··· Data for analysis ···

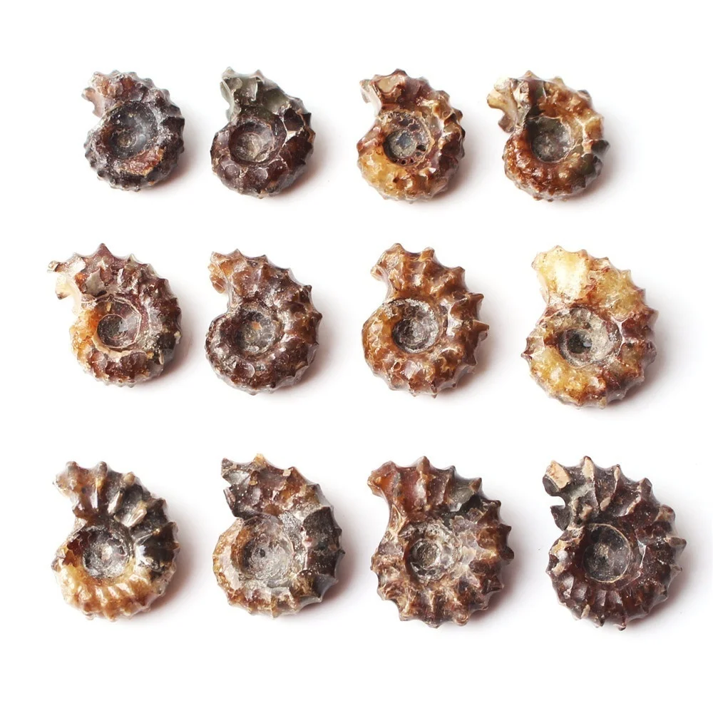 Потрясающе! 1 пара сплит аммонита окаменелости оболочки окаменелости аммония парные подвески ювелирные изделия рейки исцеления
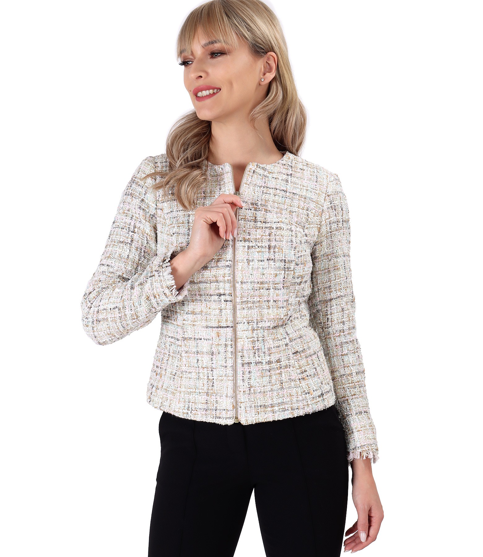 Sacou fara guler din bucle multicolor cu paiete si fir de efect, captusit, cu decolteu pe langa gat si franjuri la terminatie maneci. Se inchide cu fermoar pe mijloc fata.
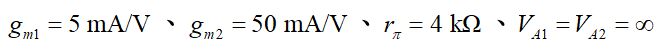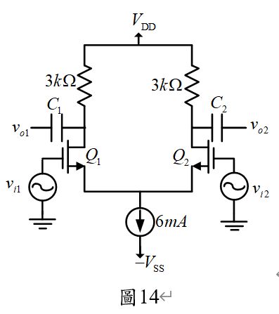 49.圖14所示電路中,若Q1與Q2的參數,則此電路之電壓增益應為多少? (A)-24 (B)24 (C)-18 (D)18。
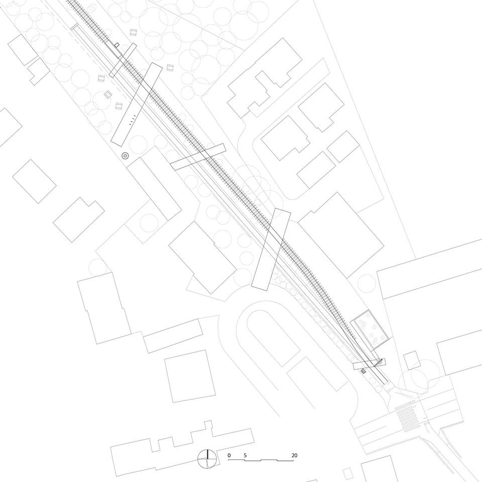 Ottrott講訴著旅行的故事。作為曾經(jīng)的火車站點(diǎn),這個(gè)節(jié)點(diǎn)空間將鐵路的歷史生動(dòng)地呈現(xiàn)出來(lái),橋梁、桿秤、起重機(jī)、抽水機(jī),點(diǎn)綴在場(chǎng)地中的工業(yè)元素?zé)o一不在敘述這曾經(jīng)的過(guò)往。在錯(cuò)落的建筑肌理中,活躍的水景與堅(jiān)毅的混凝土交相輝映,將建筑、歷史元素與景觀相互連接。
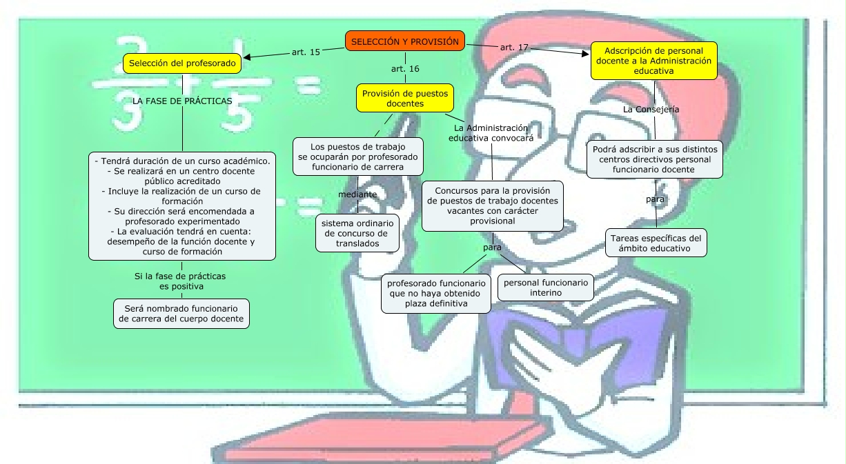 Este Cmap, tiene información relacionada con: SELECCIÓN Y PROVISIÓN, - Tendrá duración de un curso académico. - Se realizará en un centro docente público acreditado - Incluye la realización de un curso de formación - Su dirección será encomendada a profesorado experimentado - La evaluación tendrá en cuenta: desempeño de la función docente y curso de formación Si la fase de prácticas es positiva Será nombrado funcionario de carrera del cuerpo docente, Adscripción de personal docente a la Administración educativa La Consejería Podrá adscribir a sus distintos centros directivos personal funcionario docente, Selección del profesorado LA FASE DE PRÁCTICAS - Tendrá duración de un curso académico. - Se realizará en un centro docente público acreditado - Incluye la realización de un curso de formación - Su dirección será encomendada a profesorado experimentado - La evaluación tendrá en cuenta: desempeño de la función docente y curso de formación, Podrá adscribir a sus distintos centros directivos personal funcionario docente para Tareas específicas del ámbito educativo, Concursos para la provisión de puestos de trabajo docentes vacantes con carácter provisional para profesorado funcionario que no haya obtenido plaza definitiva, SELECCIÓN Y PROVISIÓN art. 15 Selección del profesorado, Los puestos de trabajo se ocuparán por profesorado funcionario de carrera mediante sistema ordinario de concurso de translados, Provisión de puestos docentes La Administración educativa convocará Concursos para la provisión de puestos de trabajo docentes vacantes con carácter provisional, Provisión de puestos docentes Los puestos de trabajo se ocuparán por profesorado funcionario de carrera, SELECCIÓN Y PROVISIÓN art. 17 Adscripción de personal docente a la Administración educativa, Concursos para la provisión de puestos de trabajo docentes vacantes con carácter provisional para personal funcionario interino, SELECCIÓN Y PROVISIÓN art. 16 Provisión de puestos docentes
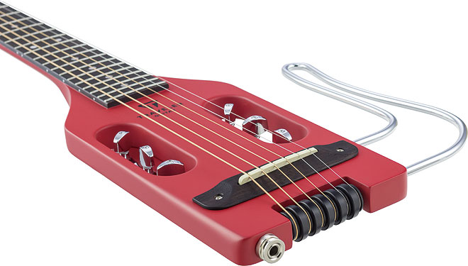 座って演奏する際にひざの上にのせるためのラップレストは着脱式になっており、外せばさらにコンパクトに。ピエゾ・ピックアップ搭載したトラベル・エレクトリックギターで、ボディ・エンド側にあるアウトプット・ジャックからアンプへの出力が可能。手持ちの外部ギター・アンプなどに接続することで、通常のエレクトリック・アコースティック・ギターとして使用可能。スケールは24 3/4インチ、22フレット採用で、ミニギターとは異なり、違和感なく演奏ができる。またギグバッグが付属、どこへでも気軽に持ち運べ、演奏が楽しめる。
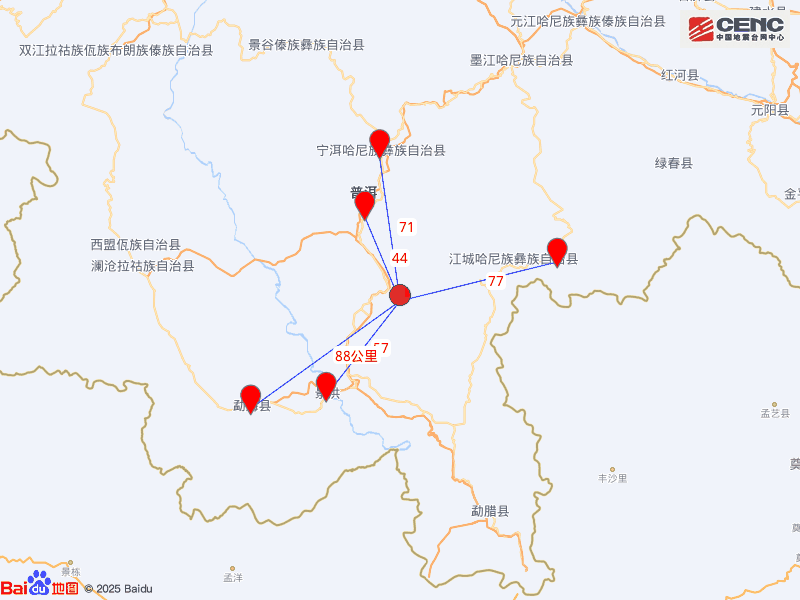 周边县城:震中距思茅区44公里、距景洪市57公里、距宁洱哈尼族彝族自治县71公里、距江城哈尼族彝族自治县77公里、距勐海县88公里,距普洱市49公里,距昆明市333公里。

···

Starting from the line with "Sacou fara guler" in the records above, repeat each line exactly until you have written the line with "Ottrott講訴著旅行的故", then stop; drop the pictures.

 Sacou fara guler din bucle multicolor cu paiete si fir de efect, captusit, cu decolteu pe langa gat si franjuri la terminatie maneci. Se inchide cu fermoar pe mijloc fata.
 49.圖14所示電路中,若Q1與Q2的參數,則此電路之電壓增益應為多少? (A)-24 (B)24 (C)-18 (D)18。
 Ottrott講訴著旅行的故事。作為曾經(jīng)的火車站點(diǎn),這個(gè)節(jié)點(diǎn)空間將鐵路的歷史生動(dòng)地呈現(xiàn)出來(lái),橋梁、桿秤、起重機(jī)、抽水機(jī),點(diǎn)綴在場(chǎng)地中的工業(yè)元素?zé)o一不在敘述這曾經(jīng)的過(guò)往。在錯(cuò)落的建筑肌理中,活躍的水景與堅(jiān)毅的混凝土交相輝映,將建筑、歷史元素與景觀相互連接。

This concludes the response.